[[ MATERIAL FOR THIS TASK, beginning ]]

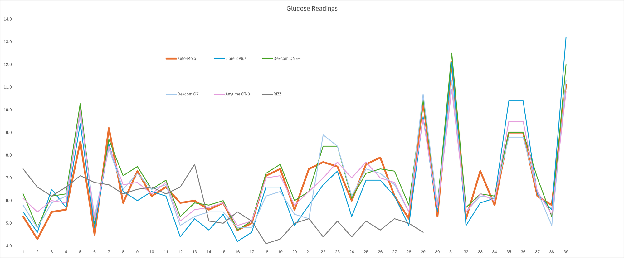 When reviewing all of the 40 individual readings from the KETO-MOJO glucose meter, the average came to 6.8 mmol/L and the Anytime CT-3 matched this exactly. The Dexcom G7 averaged at 6.7 and the Libre 2 was 6.6 mmol/L which does seem to indicate that the Libre 2 does tend to read a bit lower and the graph below shows this. The Dexcom ONE+ had a tendency to read a bit higher on average at 7.1 mmol/L. The RIZZ had averaged at 5.7 mmol/L, which is 17% out and I gave up taking readings with it after trying to reset it.
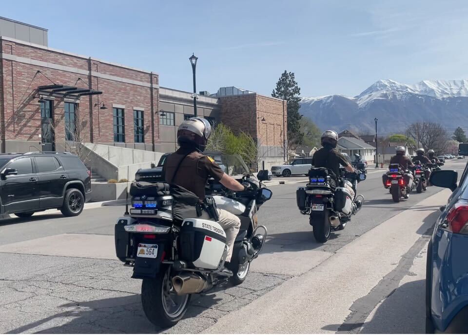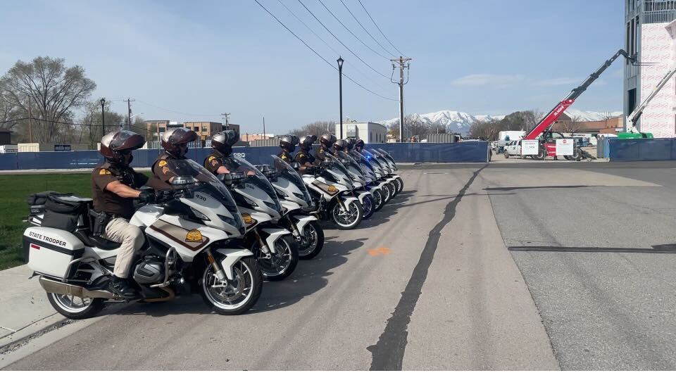 - Utah Highway Patrol state troopers ride off in unison following a news briefing outside the Lehi Public Safety building on Tuesday, April 8, 2025.
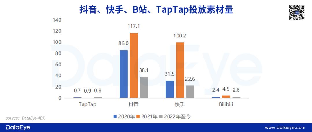 从投放素材总量来看,TapTap与抖音、快手两大短视频平台相差悬殊,与B站也存在不小差距。
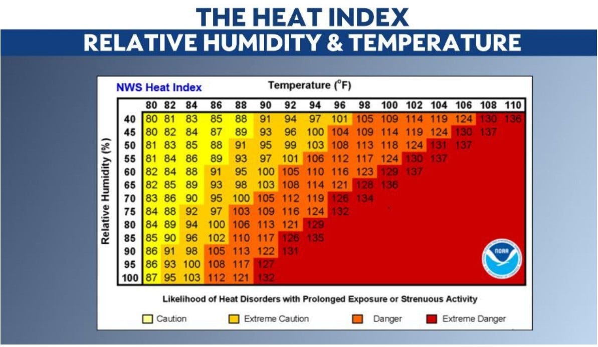 *It’s important to note that the heat index is only for shady locations. Direct sunlight exposure can increase the “feels like” temperature by up to 15 degrees.
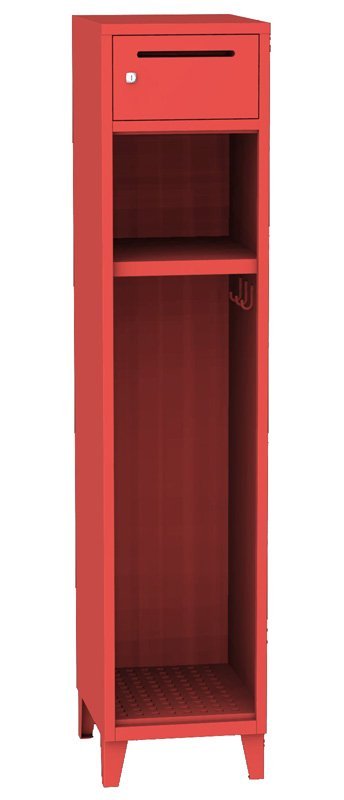 Šatní skříň kovová pro hasiče jednoduchá na nohách, šířka 400, výška 1850, hloubka 500 mm.
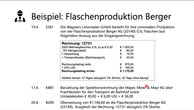15.3. Die Race Teck GmbH kauft Kunststoffgranulat bei der OMV AG: 3.000 kg zu 2,50 EUR netto je kg. Die OMV gewährt 10% Rabatt und 2% Skonto bei Zahlung innerhalb von 8 Tagen. Als Verpackungsspesen werden von der OMV 31,00 EUR und für Bahnfracht (bis Salzburg) 69,00 EUR verrechnet.
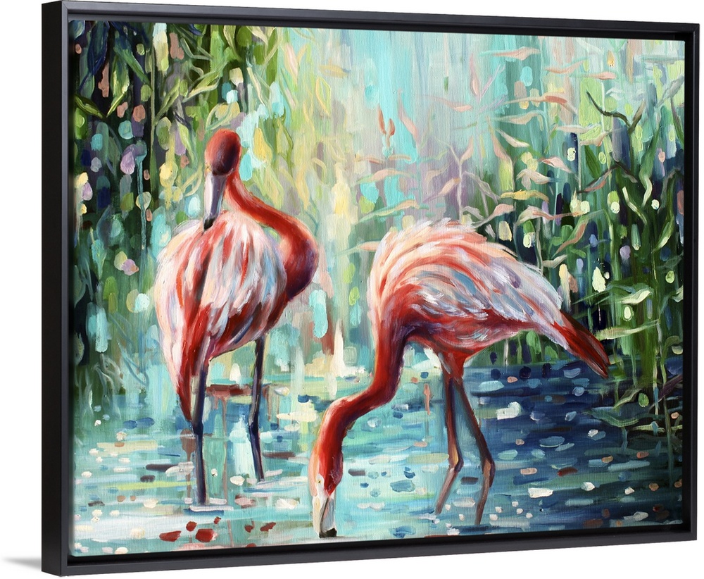<p>Contemporary painting of flamingos standing in shallow jungle waters.</p>
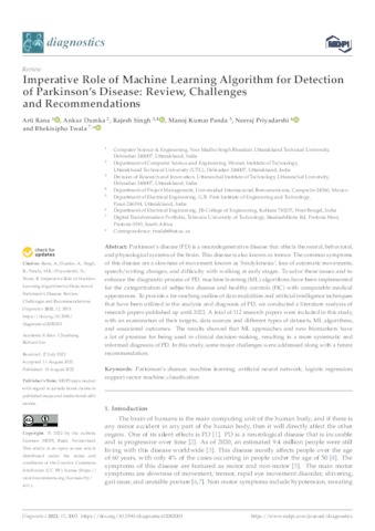 Rana, Arti and Dumka, Ankur and Singh, Rajesh and Panda, Manoj Kumar and Priyadarshi, Neeraj and Twala, Bhekisipho UNSPECIFIED (2022) Imperative Role of Machine Learning Algorithm for Detection of Parkinson’s Disease: Review, Challenges and Recommendations. Diagnostics, 12 (8). p. 2003. ISSN 2075-4418
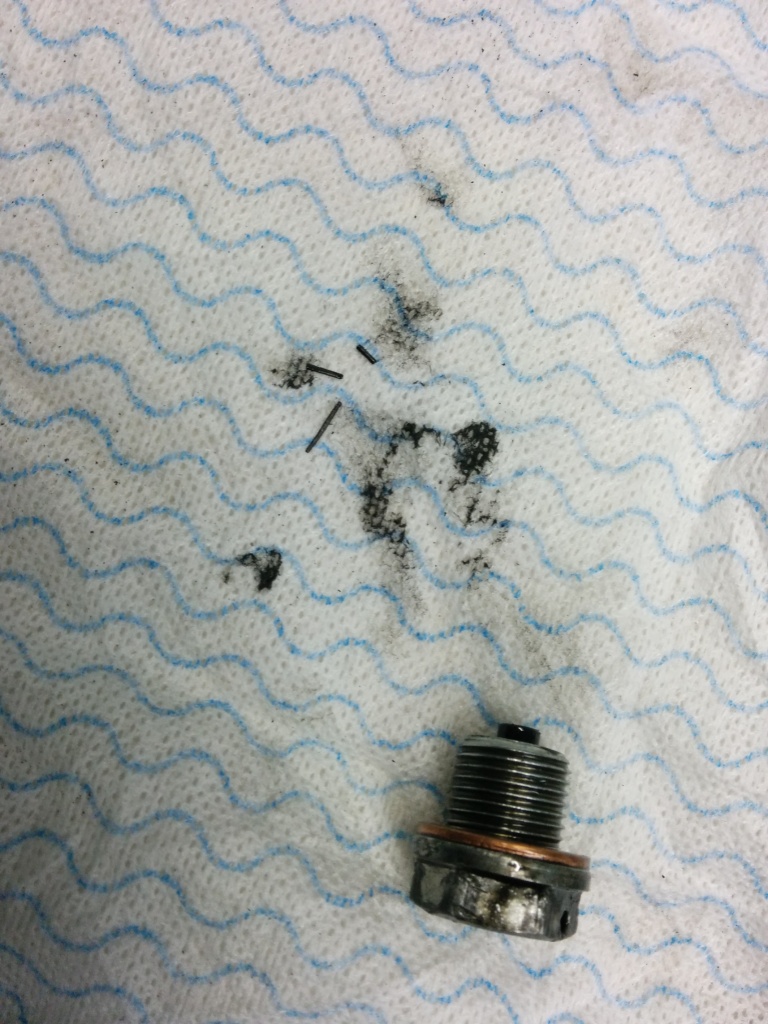 Ich hatte drei metallische Partikel an der Ölablassschraube, siehe Bild. Das längste ist ca. 1 cm lang und so dünn wie das Gewinde der Ölabschlassschraube, wobei sie schon sehr dünn sind. Wir denken es könnte von einem Nadellager stammen, das sind aber reine Vermutungen.
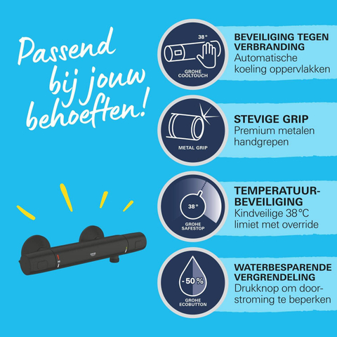 - GROHE SafeStop knop bij 38°C voor extra veiligheid
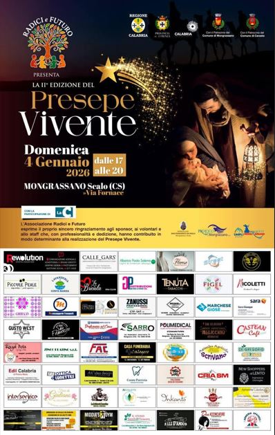 LāAssociazione Radici e Futuro presenta la seconda edizione del Presepe Vivente, in programma il 4 gennaio 2026 a partire dalle ore 17.00, unāiniziativa che torna dopo il successo dello scorso anno e che si propone di rinnovare una delle tradizioni più significative della cultura popolare e religiosa del territorio
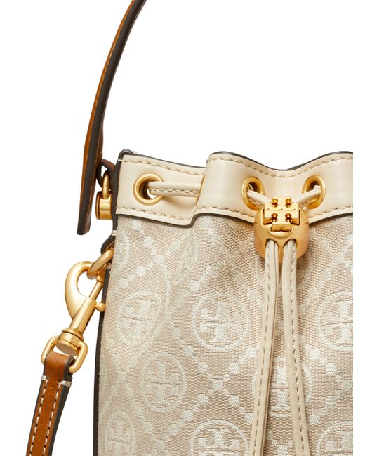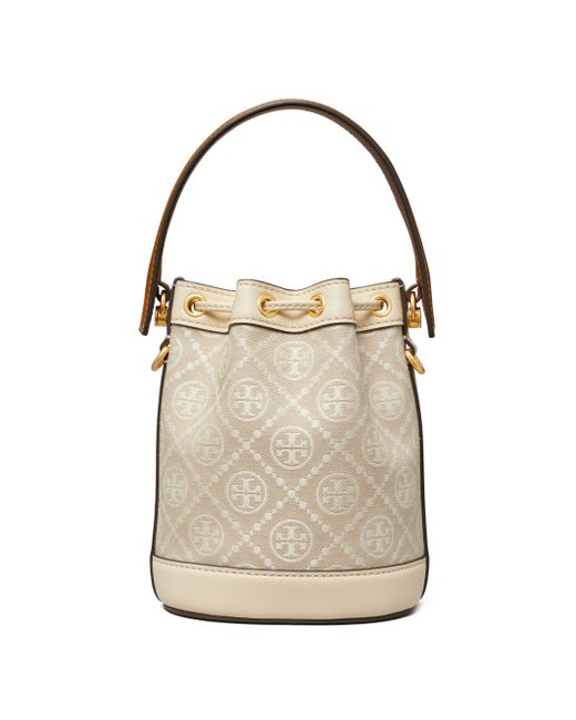 This mini bucket bag from Tory Burch flaunts a T monogram pattern and goldtone hardware. Top handle Removable, adjustable shoulder strap Drawstring closure 56% cotton/44% polyester Imported SIZE About 5.5"W x 7.25"H x 3.25"D ABOUT THE BRAND Since debuting her brand in 2004, New York-based designer Tory Burch has made an impact on the fashion world with her handbags and shoes, and playful-yet-polished clothing. Today, Burch remains inspired by color and travel, with her vibrant collections bursting with prints, and her instantly recognizable double-T logo drawing from Moroccan architecture. Handbags - Tory Burch Handbags > Tory Burch > Saks Fifth Avenue > Barneys. Tory Burch. Color: Ivory.
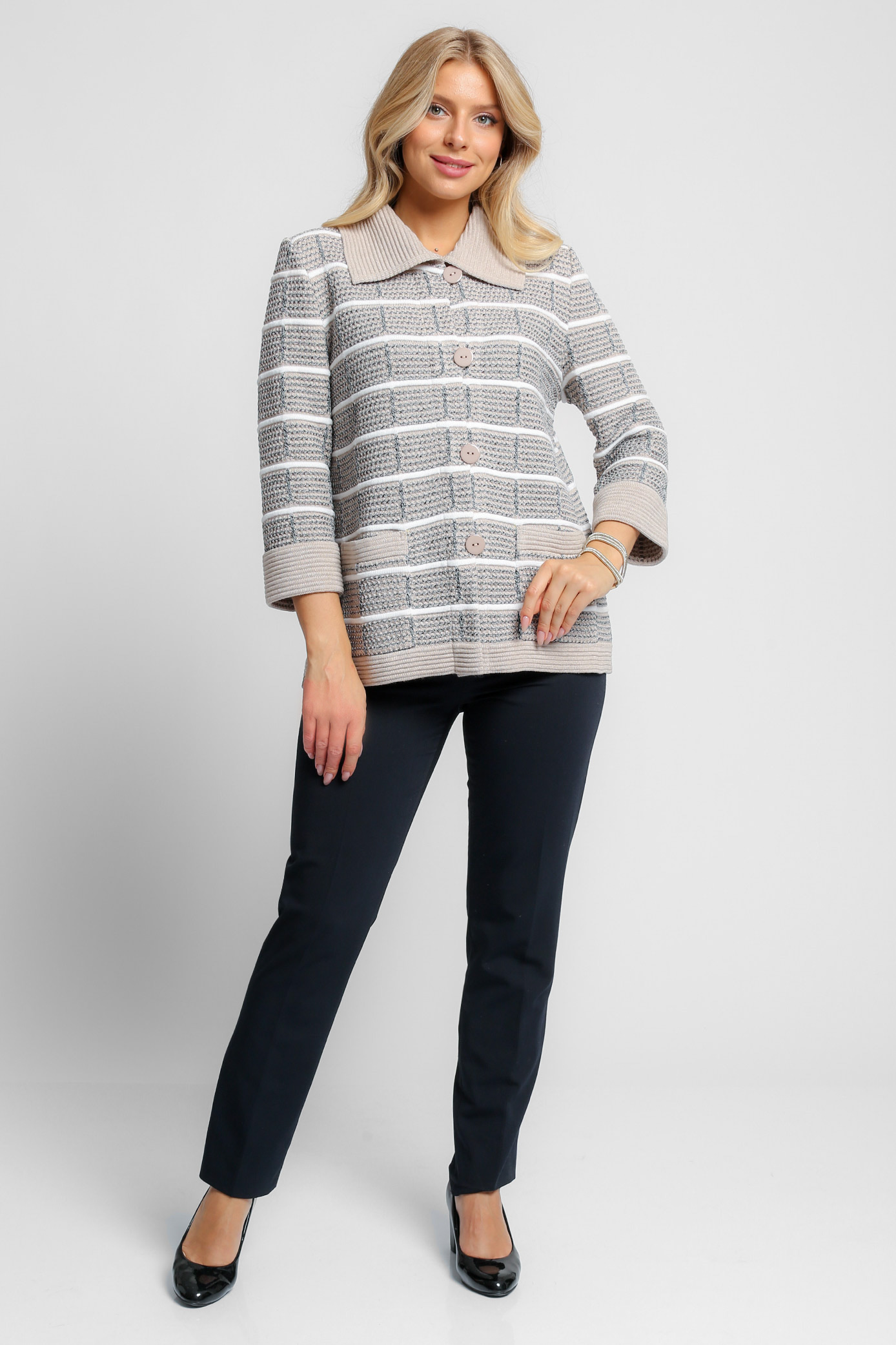 Вязаный женский жакет свободного силуэта с рубашечным отложным воротником.  Рукав втачной длиной 7/8 с отворотом.  По бокам два накладных кармана с листочкой. Жакет застегивается на пуговицы с навесной петлей. Изделие выполнено жаккардовым переплетением  образующим валики. бежевый

[[ MATERIAL FOR THIS TASK, end ]]

Above are the records. Copy only the lines from the one with "- Utah Highway" through the one with "从投放素材总量来看,TapT", exactly, with no pictures.

YOUR RESPONSE ▸
 - Utah Highway Patrol state troopers ride off in unison following a news briefing outside the Lehi Public Safety building on Tuesday, April 8, 2025.
 从投放素材总量来看,TapTap与抖音、快手两大短视频平台相差悬殊,与B站也存在不小差距。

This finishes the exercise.